Students construct face out of clay
Michigan Tech's Youth Programs specializes in providing great answers to the perennial question "What did you do over the summer?" Secondary school students construct a face à la CSI.
Students dissect the anatomy of a landslide during one of Michigan Tech's Youth Programs.
Students dissect the anatomy of a landslide during one of Michigan Tech's Youth Programs.

Summers of Discovery

They've designed and built rockets, studied wolf-moose ecology on Isle Royale, and learned about green energy initiatives by making a handmade batch of biodiesel fuel. Who are they? Not the scientists and researchers you might suspect. They're participants in Michigan Tech's Youth Programs, and they're all middle and high school students.

Every summer, Youth Programs hosts more than fifty weeklong explorations in areas like engineering, photography, video game programming, wilderness ecology, and more. Learning by doing is the name of the game—students get their hands dirty (and sometimes their feet wet) on innovative projects and research, from casting molten metal to studying forensic evidence and investigating a crime scene.

It may sound like serious business for a summer vacation, but the students will be the first to tell you that when learning is this much fun, it hardly feels like work at all.

"My favorite part of the week was . . . well, everything," said participant Andrew Meyer. "I got to make aspirin and see for myself how chemicals interact with one another."

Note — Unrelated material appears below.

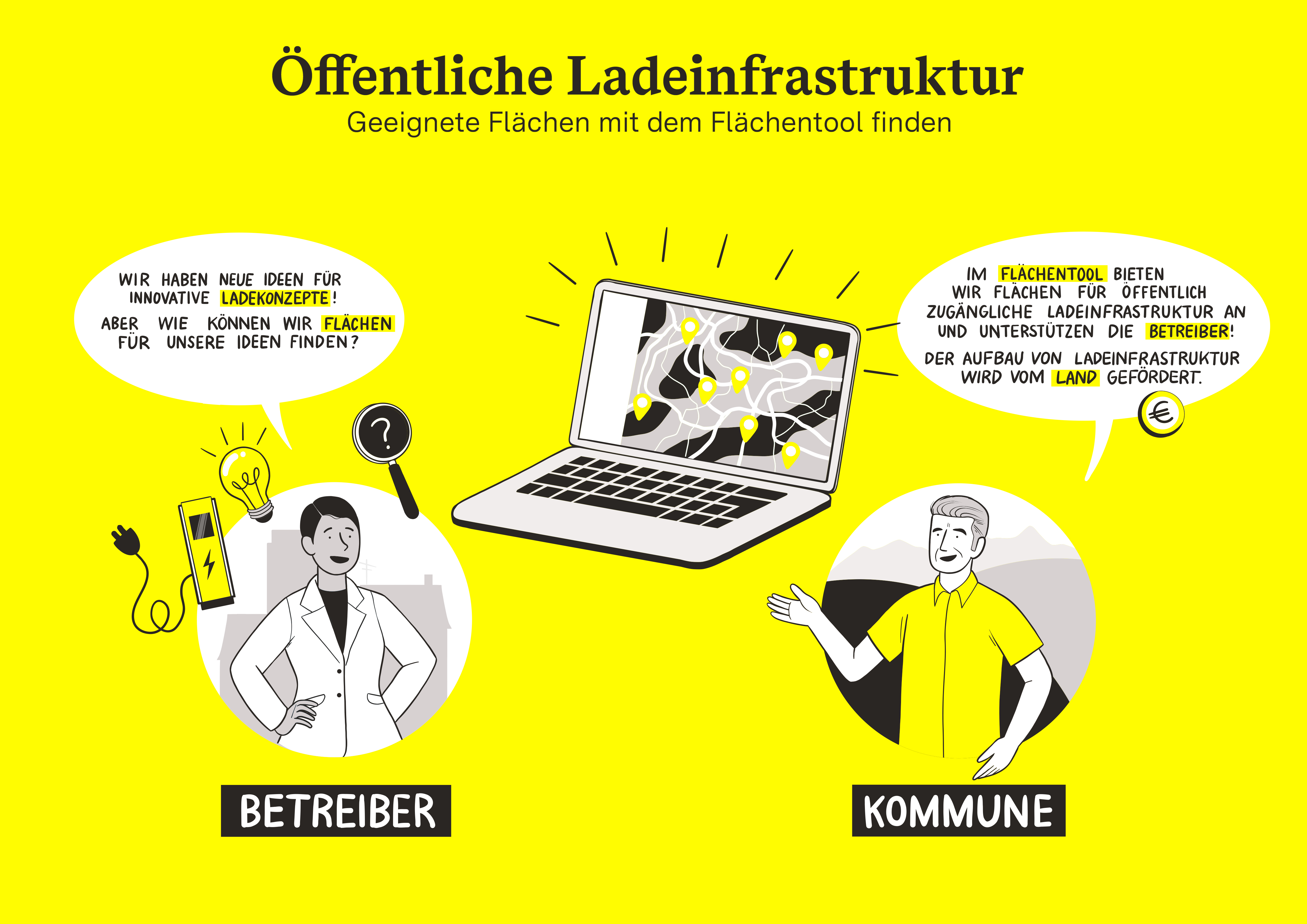 Wir bauen eine flächendeckende und bedarfsgerechte öffentlich zugängliche Ladeinfrastruktur weiter auf. Dafür werden ausreichend Flächen bereitgestellt. Elektromobilitätskonzepte und Förderprogramme kommen zum Einsatz.
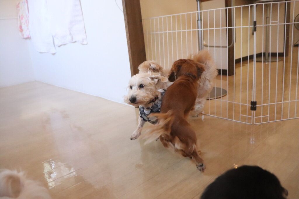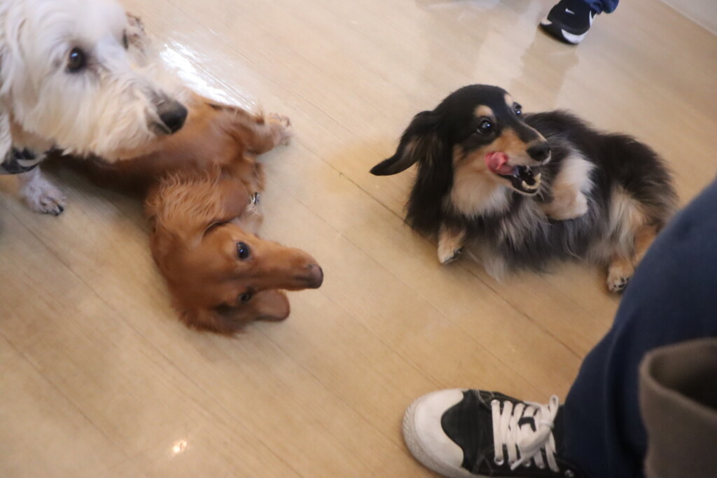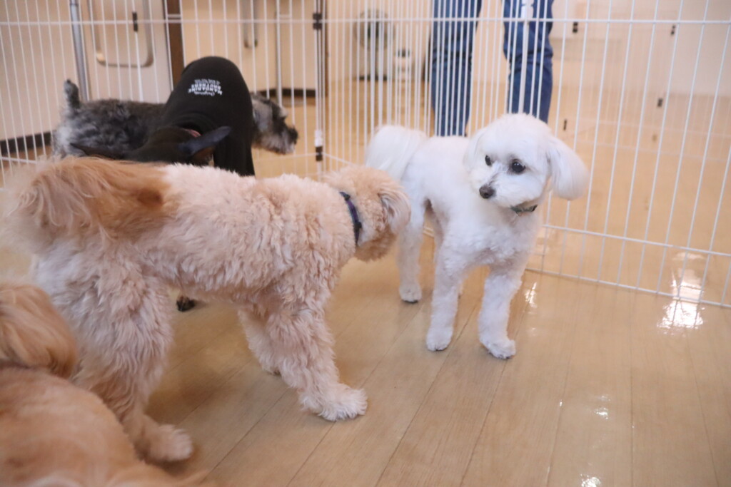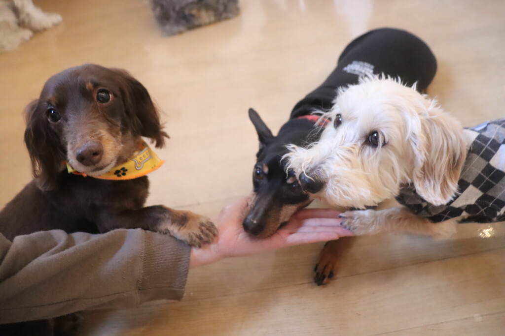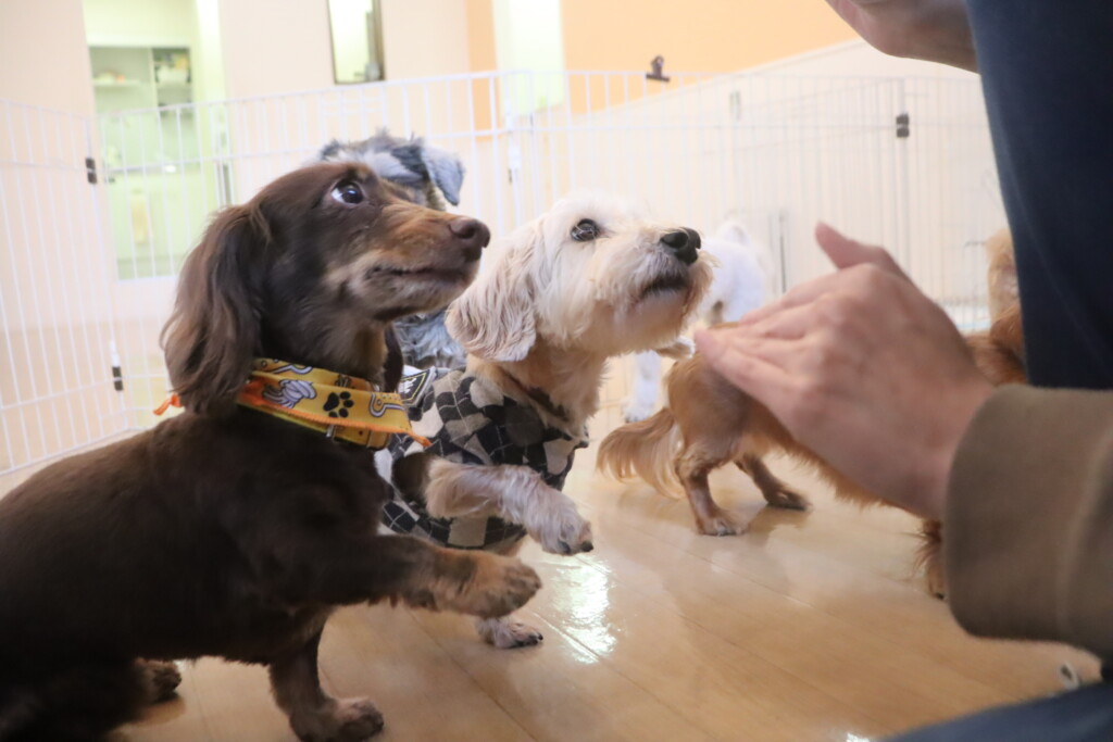 今日の保育園生は、ミニチュアダックスフンドのミーシャちゃん・みるもちゃん・すいれんちゃん、マルチーズ×トイプードルのうるくん・アンディくん・サンディちゃん・ゆずちゃん、チワワ×ミニチュアダックスフンドのこころちゃん、ミニチュアピンシャーのルアくん、ミニチュアシュナウザーのレイアちゃん・ソランちゃん、ワイヤーヘアードミニチュアダックスフンドの小梅ちゃん、フレンチブルドッグのハイちゃんです!

As well, Youth Programs offers a variety of scholarship programs, including Women in Engineering (WIE) and the Engineering Scholars Program. Both are fully funded, competitive programs for academically talented high school students. Their focus is engineering—ten different fields are explored—and they feature hands-on projects, group activities, field trips, and more.

"We learned all about landslides and volcanoes," said Stephanie Squandra, a WIE participant. "Eventually we were given a problem to solve: how can you prevent a house built on the side of a river from being washed away? My team built a model, designed a dam around the house, lined it with rock—and it survived! So awesome!"